The relationship here, between the opening text and the opening images, suggest a greater depth by deliberately playing on the audience's own recollections of what 'home', as something that we return to, subconsciously, throughout our adult lives, actually means. We can grasp, immediately, the significance of this place, exaggerated in the mind as well as on the screen, by the way in which Ford, and his cinematographer Arthur C. Miller, present it to us. These rich, painterly compositions that recall impressionist landscapes of charcoal on paper nonetheless have a touch of the documentary about them. There is a direct, iconographic truth to these images that goes beyond the edges of the frame or the limitations of the Hollywood soundstage; they capture something incredibly real, emotionally at least, that plays into the thoughts and feelings of a viewing audience who can see the enormous power of this place and its people, not as any real location or a work of actuality, but as a universal symbol for something that will one day disappear, or be replaced, but can exist long in the hearts and minds of those who once embraced it.

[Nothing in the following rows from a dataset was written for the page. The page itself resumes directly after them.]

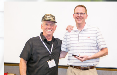
Advisory Boards in action
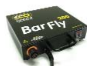
BAL-207-G120 BarFly 200 Ballast, 120VAC
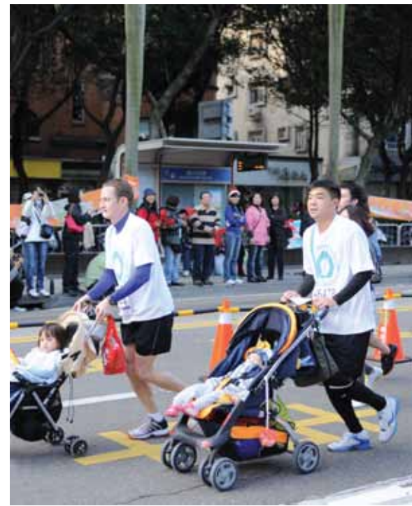
KCBS teachers and students racing towards the finish line.
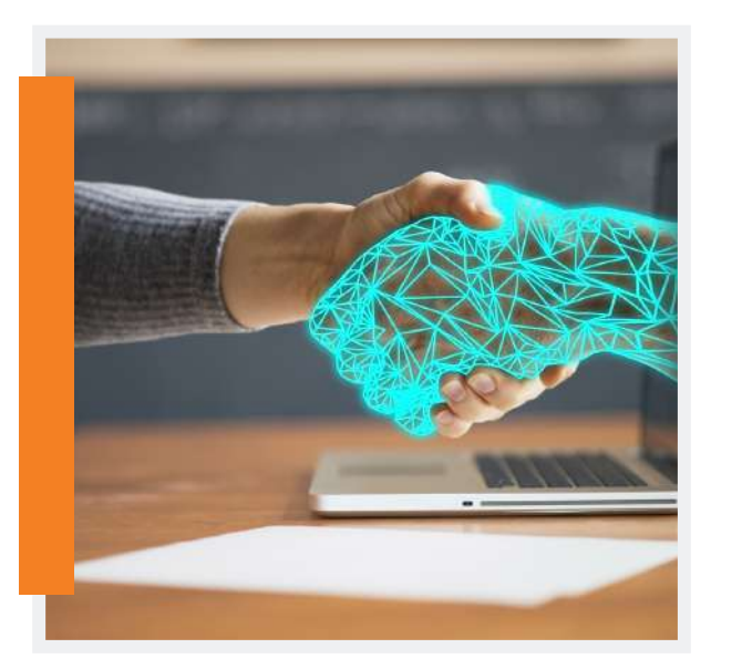
Global Business Essentials & Trends

The notion of a dying world, or a world that no longer exists in any actual, tangible form, is suggested in this opening montage by two shots of elderly ladies. One in full-face close-up, showing the great lines of age and wisdom marked upon her skin; the other, bent-backed and shrivelled, standing frail and small in the shadow of a doorway. These women, like the world of the film, have struggled and endured, but have reached the end of something. Eventually, they too will one day cease to exist, but will live on in the thoughts and feelings of those who once loved and cared for them. As figures in the frame they are as-important as the landscapes that Ford takes great care in presenting as something beyond words. They are assimilated into the frame, as part of this rich, imaginary kingdom, to the point where one could not exist without the other.


How Green Was My Valley [John Ford, 1941]:

Such images suggest the notions of time and the passing-down of traditions, customs, social norms and stories between the generations. These shots of frail old women immediately suggest, on a subconscious level, the potential future manifestations of the once young and beautiful sisters-in-law Angharad (Maureen O'Hara) and Bronwyn (Anna Lee). Two characters inevitably worn down by toil and heartache; still waiting in the front doorway for their men, denied them, either through death or circumstance. This old woman might even be the same woman who once stood, aghast, back-to-the-door, with the same stunned rigidity of Ford's film-camera, when the mine exploded; never moving; still looking out onto the chaos and confusion as if trying to make sense of it all.


How Green Was My Valley [John Ford, 1941]: 

However we choose to see these figures - either as icons or actual fictional characters - it is clear that Ford is introducing these old-faces in an attempt to reinforce the personification of the valley itself. As Pichel, channelling the voice of a now aged Huw Morgan, discusses the desecration of the land's natural beauty by the industrial progression of time, Ford cuts to these two figures in order to contrast the physiognomy of the human face with the physiognomy of the landscape. An audience may not necessarily appreciate the true overwhelming power that the memory of this valley has to the central character, or how significant its destruction is to his own personal identity, but an aged face, marked and transformed by the ravages of time, is immediately relatable. As we watch our own parents, friends, partners and eventually ourselves grow old, we recognise this brutality of age and deterioration, and recognise how each single moment of a life is fleeting.

The presentation of this world is central to what makes the film so remarkable, with Ford going to great lengths to document the social rituals and practices that define this world, its people, and the story taking place.


How Green Was My Valley [John Ford, 1941]:

Without question, How Green Was My Valley remains one of the supreme films, and one that I wish I could dedicate another thousand words to, having barely scratched the surface of what makes the film so remarkable, so moving, so endlessly relevant, in the half-finished thoughts above. It's of course a film about communities; about people, their relationships, their lives and loves. A film full of life, with its various joys and sorrows, and one that manages to celebrate life; or more specifically, the humble, everyday lives that contributed to these communities - to our histories! - though are rarely documented or immortalised in works of stone, paint or ink.

Whether or not Ford was using the Wales of this story as a surrogate for his beloved Ireland is probably debatable, but what the filmmaker achieves here is something more beautiful, more nuanced and more authentic in its emotion than even his own later and more specifically Irish work, The Quiet Man (1952). While that film works to present the minutiae of the Irish experience, or a reflection of it, in such broad detail that it often slips into pure caricature, the presentation of the characters and place of How Green Was My Valley has a more sensitive yearning to it. A solemnity that evokes the feeling of what it is to be connected to a place (even in memory), but unable to go back. It's a humanist film that takes Ford away from the macho westerns and cavalry films, for which many associate him with, and places him within the same tradition and lineage of Jean Renoir, Roberto Rossellini, Terence Davies, Naomi Kawase, Laila Pakalniņa, Pedro Costa and Hong Sang-soo (among others).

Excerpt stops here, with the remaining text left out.